Y aura-t-il un cabinet Abou Mazen ?

Par Léonard VINCENT, le 20 avril 2003 à 15h25 , mis à jour le 20 avril 2003 à 16h00

Le Premier ministre palestinien désigné a menacé de démissionner à trois jours de l'expiration du délai pour former son gouvernement. Un conflit l'oppose à Yasser Arafat sur le choix du futur ministre de l'Intérieur.

Photo : Awad AWAD (AFP) © INTERNE

Dans les territoires palestiniens, les initiatives du nouveau Premier ministre réformateur Mahmoud Abbas, dit aussi "Abou Mazen", crispent les vieux piliers de la société palestinienne. Censé présenter son gouvernement d'ici à mercredi, le nouveau numéro 2 palestinien se heurte à la mauvaise volonté têtue du président Yasser Arafat qui l'a nommé à contrecœur et aux résistances d'un système gangréné.

Stupéfait par la corruption

Mahmoud Abbas a commencé par passer le plus clair de ses premières semaines de mandat dans la bande de Gaza, qui ne subit pas la réoccupation des Forces de défense israéliennes et où les institutions de l'Autorité autonome fonctionnent toujours. Stupéfait par le degré de corruption règnant dans les services de sécurité, l'institution du racket et de l'insubordination, le Premier ministre avait convenu avec le président palestinien de réformer l'ensemble de ces structures, qui le plus souvent se comportent en milices claniques.
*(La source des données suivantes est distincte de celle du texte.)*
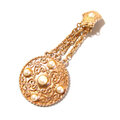 Vintage Gold Tone Oriental Design Big Drop Earring

Or, Yasser Arafat entend conserver la haute main sur ces services.

Principal sujet de discorde : Mahmoud Abbas souhaiterait s'entourer d'hommes de confiance et de têtes nouvelles susceptibles de bousculer les tabous d'une société militarisée et meurtrie. Le nouveau Premier ministre, qui a les faveurs de l'ensemble de la communauté internationale, s'est à plusieurs reprises prononcé pour une "démilitarisation" de l'Intifada qui permettrait la reprise du dialogue avec Israël en vue d'un règlement politique. Selon son projet, les "Brigades des martyrs d'Al-Aqsa", groupe terroriste issu du Fatah, devraient déposer les armes.

Mais, outre qu'il s'est déjà fait imposer un Premier ministre, le président Arafat n'entend pas se laisser imposer la présence d'hommes qu'il a personnellement mis à la porte, comme le colonel Mohammed Dahlan, qui a certes les épaules pour affronter les factions armées, mais avec lequel il s'est violemment brouillé l'année dernière. Mahmoud Abbas, qui insiste pour le nommer ministre de l'Intérieur, a donc quitté samedi soir une réunion à Ramallah pour exprimer son mécontentement. S'il échoue à former son cabinet d'ici la date-limite, le président Arafat devra, selon la loi, désigner un candidat de substitution.

Après le gouvernement, les pourparlers

Sa nomination avait pourtant laissé naître quelques espoirs en vue de relancer les négociations avec les Israéliens. "Si Abou Mazen dispose de pouvoirs effectifs et entreprend de lutter contre le terrorisme et de faire respecter la loi et l'ordre, nous serons disposés à lever les barrages routiers, relâcher des prisonniers et transférer aux Palestiniens des fonds qui leur sont dûs", avait affirmé la semaine dernière un responsable israélien sous condition d'anonymat. Il avait ajouté que le Premier ministre Ariel Sharon, qui a jadis rencontré Mahmoud Abbas à plusieurs reprises, souhaitait le revoir après la formation de son cabinet.

Entre-temps, le président américain George W. Bush a annoncé qu'il publierait la "feuille de route", plan de paix international prévoyant la création d'un Etat palestinien d'ici 2005, immédiatement après l'investiture du nouveau palestinien gouvernement, qui décidemment se fait attendre.